WHAT TO DO:
Here the job is to retype the data word for word while leaving the pictures aside.

*** SUPPLIED MATERIAL ***

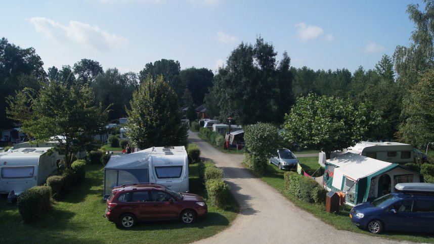 This is a charming, well-run site with an attractively floral entrance, plenty of bushes, and small trees separating the pitches. The 98 numbered touring pitches all have electricity (10A) and are on level grass off hard access roads. They vary in size up to 130 sq.m. and 55 have water and drainage.
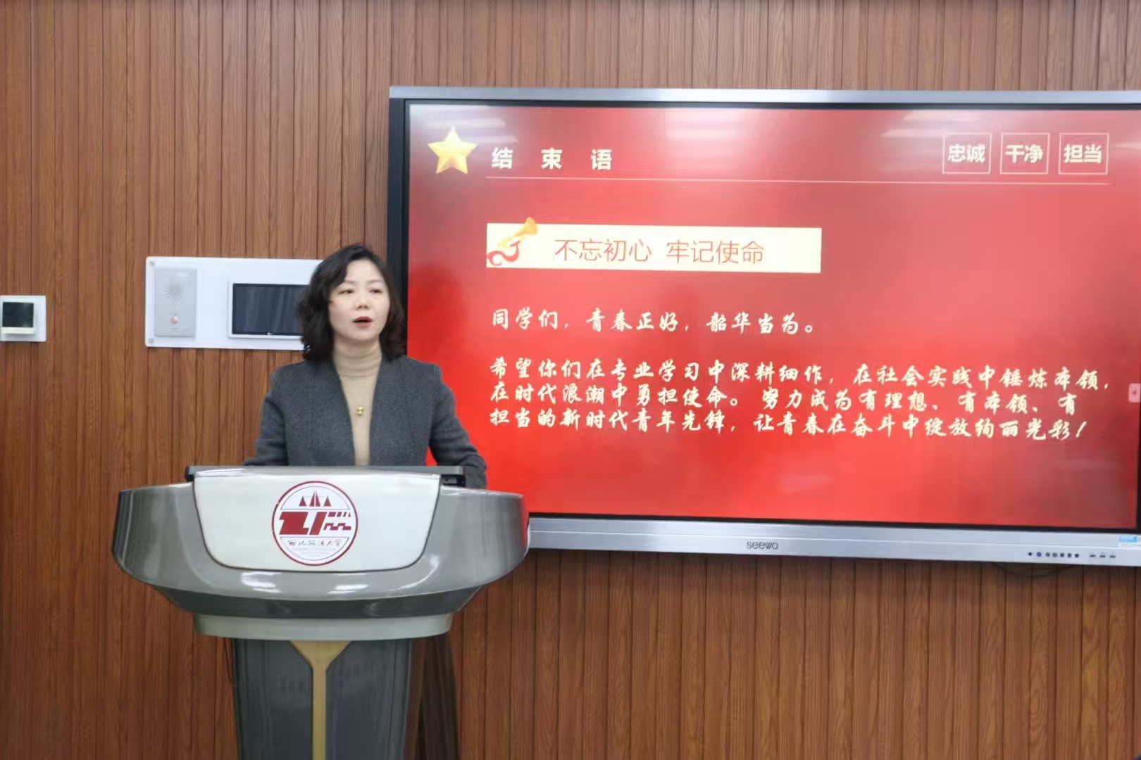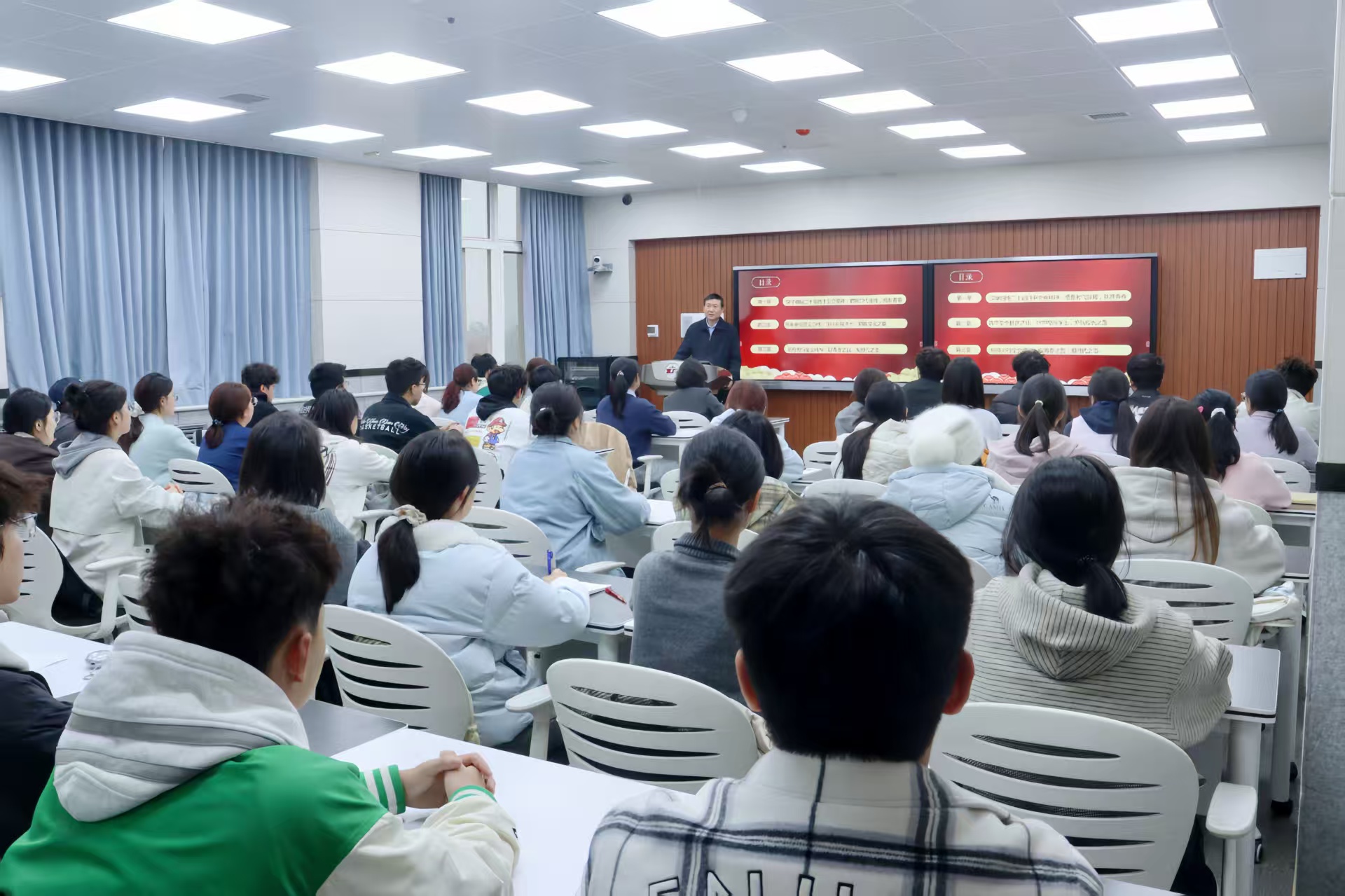 他强调,要深刻领会全会关于统筹发展和安全的战略部署,筑牢思想防线、严守行为规范、扛起责任担当,争做校园安全的维护者与建设者,共同营造良好的校园氛围。最后,他鼓励同学们自觉将个人理想融入国家发展大局,筑牢信仰之基、厚植家国情怀,深耕专业领域、增强实践锻炼,努力成为有理想、有本领、有担当的新时代青年先锋。
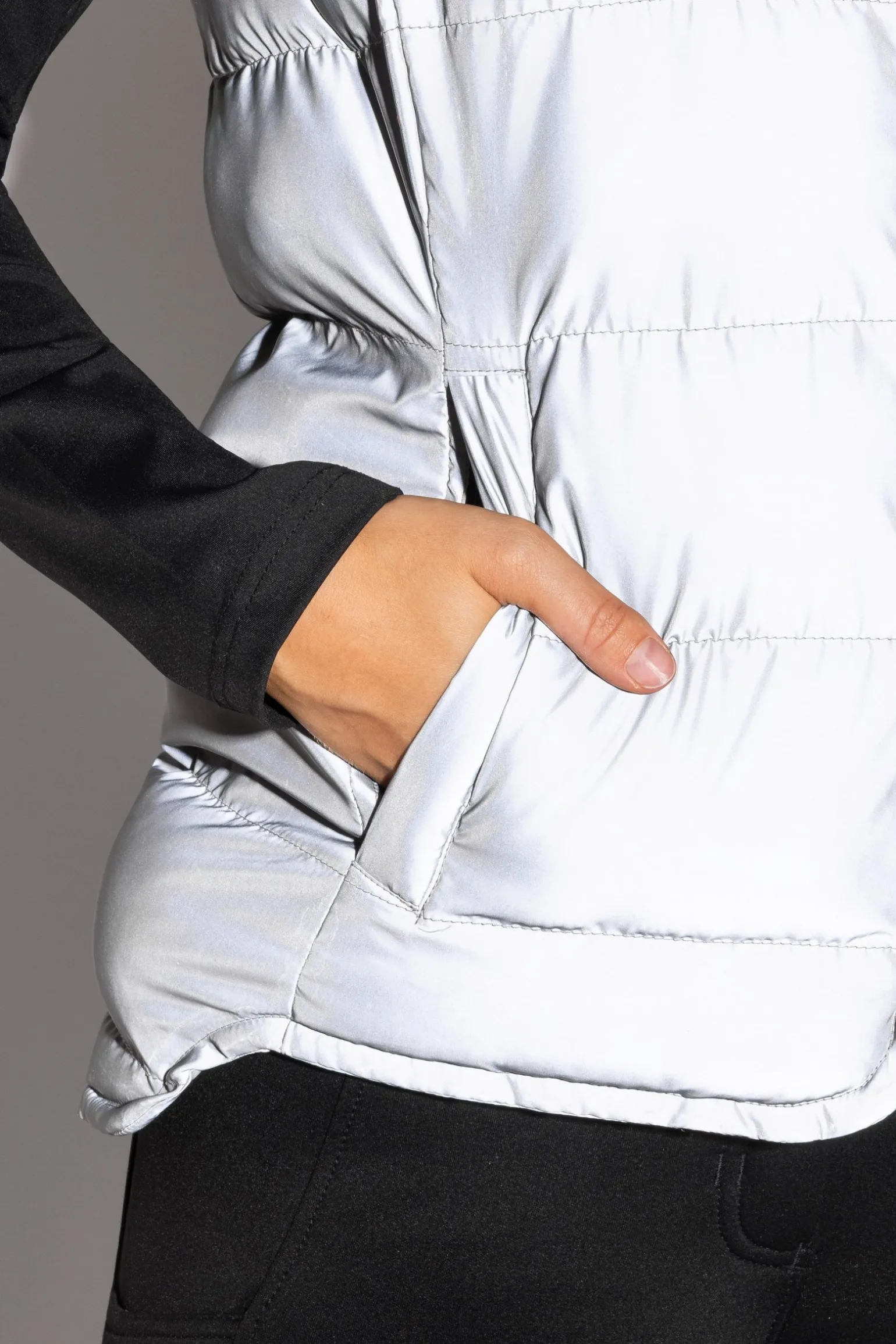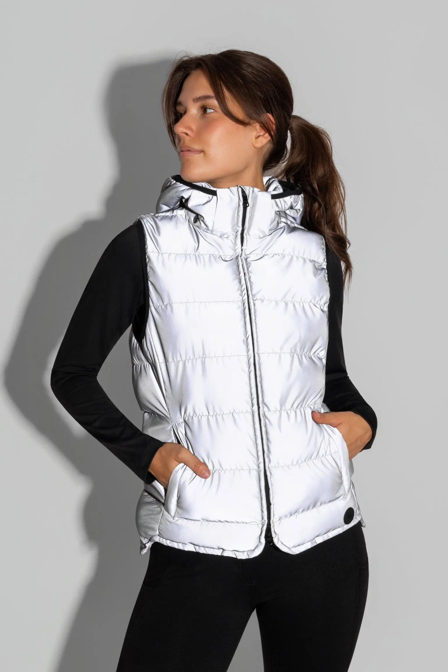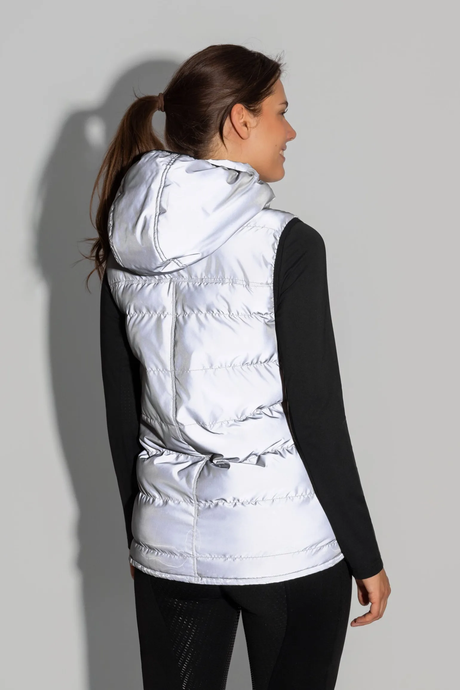 Diese gefütterte Weste ist super funktionell und bequem. Reflektierende Eigenschaften sorgen für Sichtbarkeit bei abendlichen Ausritten oder bei trübem Wetter. Das wasserabweisende, winddichte Material hält dich warm und trocken. Die Kapuze ist abnehmbar. Zwei Reißverschlusstaschen bieten Platz für Telefon, Schlüssel und Leckerli.
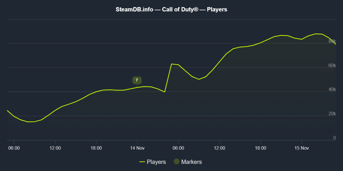 بر اساس گزارشهای منتشر شده، بازی Black Ops 7 در ساعات ابتدایی انتشار نتوانست به اندازه نسخههای پیشین خود بازیکن جذب کند و آمار اولیه آن به شکل قابلتوجهی پایینتر از انتظارات بود. دادههای سامانه SteamDB نشان میدهد که در لحظه عرضه، تنها 62 هزار و 938 بازیکن به طور همزمان در لانچر Call of Duty در استیم حضور داشتند. این اعداد حاکی از کاهش شدید هیجان جامعه گیمرها برای جدیدترین عنوان این فرانچایز بزرگ است.
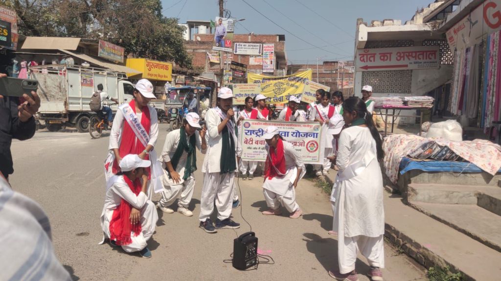 गाजीपुर। शुक्रवार को राष्ट्रीय सेवा योजना के सप्त दिवसीय शिविर के पांचवें दिन सुबह 7 बजे कार्यक्रम अधिकारीयों द्वारा छात्राओं को सुबह की प्रार्थना और योगाभ्यास कराया गया। तदुपरांत छात्रों द्वारा सूक्ष्म जलपान ग्रहण किया गया और बेटी बचाओ बेटी पढ़ाओ संबंधी एक रैली महुआ बाग से होते हुए मिश्रा बाजार तक निकाली गई।

***

ANSWER TO THE EXERCISE:
 This is a charming, well-run site with an attractively floral entrance, plenty of bushes, and small trees separating the pitches. The 98 numbered touring pitches all have electricity (10A) and are on level grass off hard access roads. They vary in size up to 130 sq.m. and 55 have water and drainage.
 他强调,要深刻领会全会关于统筹发展和安全的战略部署,筑牢思想防线、严守行为规范、扛起责任担当,争做校园安全的维护者与建设者,共同营造良好的校园氛围。最后,他鼓励同学们自觉将个人理想融入国家发展大局,筑牢信仰之基、厚植家国情怀,深耕专业领域、增强实践锻炼,努力成为有理想、有本领、有担当的新时代青年先锋。
 Diese gefütterte Weste ist super funktionell und bequem. Reflektierende Eigenschaften sorgen für Sichtbarkeit bei abendlichen Ausritten oder bei trübem Wetter. Das wasserabweisende, winddichte Material hält dich warm und trocken. Die Kapuze ist abnehmbar. Zwei Reißverschlusstaschen bieten Platz für Telefon, Schlüssel und Leckerli.
 بر اساس گزارشهای منتشر شده، بازی Black Ops 7 در ساعات ابتدایی انتشار نتوانست به اندازه نسخههای پیشین خود بازیکن جذب کند و آمار اولیه آن به شکل قابلتوجهی پایینتر از انتظارات بود. دادههای سامانه SteamDB نشان میدهد که در لحظه عرضه، تنها 62 هزار و 938 بازیکن به طور همزمان در لانچر Call of Duty در استیم حضور داشتند. این اعداد حاکی از کاهش شدید هیجان جامعه گیمرها برای جدیدترین عنوان این فرانچایز بزرگ است.
 गाजीपुर। शुक्रवार को राष्ट्रीय सेवा योजना के सप्त दिवसीय शिविर के पांचवें दिन सुबह 7 बजे कार्यक्रम अधिकारीयों द्वारा छात्राओं को सुबह की प्रार्थना और योगाभ्यास कराया गया। तदुपरांत छात्रों द्वारा सूक्ष्म जलपान ग्रहण किया गया और बेटी बचाओ बेटी पढ़ाओ संबंधी एक रैली महुआ बाग से होते हुए मिश्रा बाजार तक निकाली गई।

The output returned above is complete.